Si algo he aprendido con el tiempo, es que quienes sufrimos de sobrepeso es porque normalmente la comida es para nosotros una droga. El fumador adicto a fumar desde hace ya años, no va a decir simplemente: ”Voy a dejar de fumar, a ver qué tal”, porque está en nuestros hábitos el comer más de la cuenta y/o el llevar una vida sedentaria. Tanto como para dejar de fumar como para ponerse a dieta, el primer paso es mentalizarse

Que nadie se deje engañar, porque perder peso no es fácil.
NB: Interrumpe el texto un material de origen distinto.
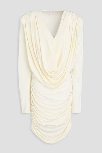 Off-the-shoulder ruched cutout stretch-crepe mini dress
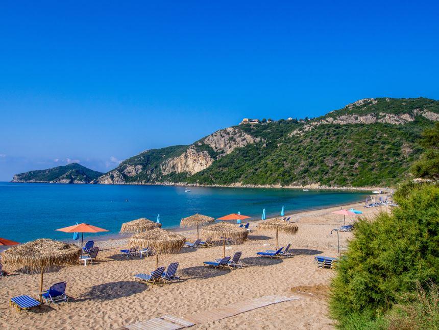 Agios Georgios nabízí krásný výhled na širé moře a patří k nejkrásnějším střediskům na ostrově. Toto klidné a romantické místo doporučujeme všem těm, co netouží po rušných promenádách a nočním životě. Na pláži najdete nejen pásma se slunečníky a lehátky, ale i zákoutí s minimálním počtem lidí. Příznivce potápění a milovníky moře budou lákat zdejší útesy s podmořským životem. Okolí Agios Georgios je ideální pro pěší turistiku.
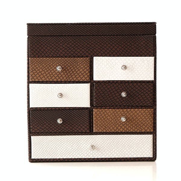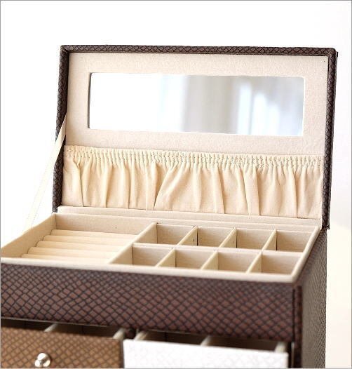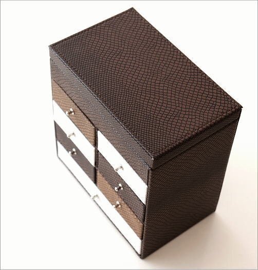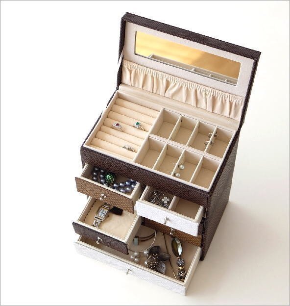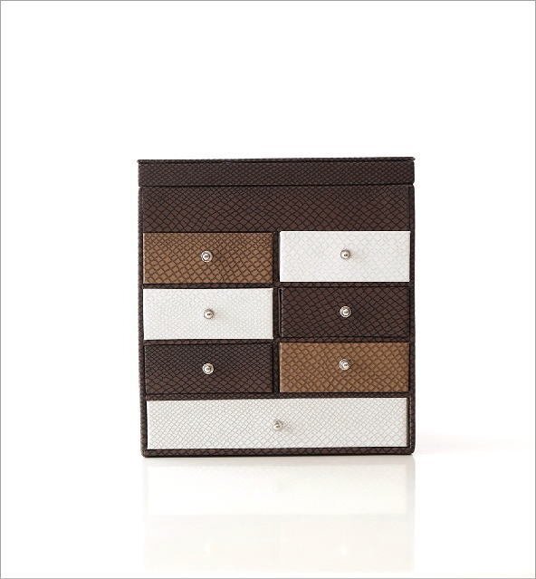 高級感のある、素材を使用した 大人なたたずまいのアクセサリーケース 細かいジュエリーも 大ぶりアクセもすべて一緒に収納でき 大切なアクセサリーを ホコリや紛失から守ります 精巧なミニチェストのようなルックス 様々なタイプの引き出しで アクセサリーを沢山収納できる アクセサリーケース ブラウンカラーで落ち着きのあるケースです 商品名 : チェストジュエリーボックス 商品番号 : uwr4060 全体サイズ(cm) : 幅19.5×奥行12×高さ21 上段収納サイズ(幅×奥行×深さ) : リング収納)7×10 個別収納 各)2.5×5×3 引き出し内サイズ(幅×奥行×深さ) : 大)17×9.5×2.5 小)7.5×9.5×2.5 ミラーサイズ : 横15×縦4 材質 : 合成皮革 ミラー 重量 : 1.5kg 生産国 : 中国 ※引き出しにストッパーはついていません ※ミラーや本体の小さな擦り傷、小傷はご容赦ください |

Si lo fuera, todo el mundo estaría delgado, ¿no? Pero que no sea fácil no significa que sea imposible. Yo sinceramente no me creo lo de que no hace falta pasar hambre, porque el hambre es algo psicológico y no siempre físico, y a veces os costará, o pasaréis delante de una panadería y oleréis a cruasanes recién hechos y se os hará la boca agua, o iréis a visitar a vuestras abuelas o madres y no sabréis aguantar las ganas de comer patatas fritas. Y es por eso que no es suficiente con probar a ver qué tal, porque así no vamos a inmunizar nuestra mente ante todos los estímulos externos de que disponemos.

El primer paso de toda dieta, como ya he dicho, es la mentalización. Todo empieza con la decisión de perder peso, y luego sigue la razón por la que queremos hacerlo. ¿Queremos perderlo por razones estéticas, de salud o por ambas? La obesidad no hace falta que os diga la cantidad de enfermedades cardiovasculares y motoras que trae. No conoceréis a ningún obeso que llegada cierta edad no tenga problemas de rodilla o tobillos, o por lo menos que no tenga hipertensión. ¿Queréis llegar a eso?

Es por ello que el segundo paso a la hora de hacer dieta es hacerse a la idea de que no vamos a adelgazar poniéndonos a dieta y luego olvidarnos, porque así sólo conseguiréis acabar recuperando el peso perdido y no necesariamente debido al temido efecto rebote (creedme, porque a mí me pasó). 

En resumen, para afrontar el hecho de que nos sobra grasa en el cuerpo, tenemos que empezar dándonos cuenta de que no va a bastar una dieta, sino un verdadero cambio de estilo de vida, porque, creedme también aquí, no es suficiente siempre con comer menos.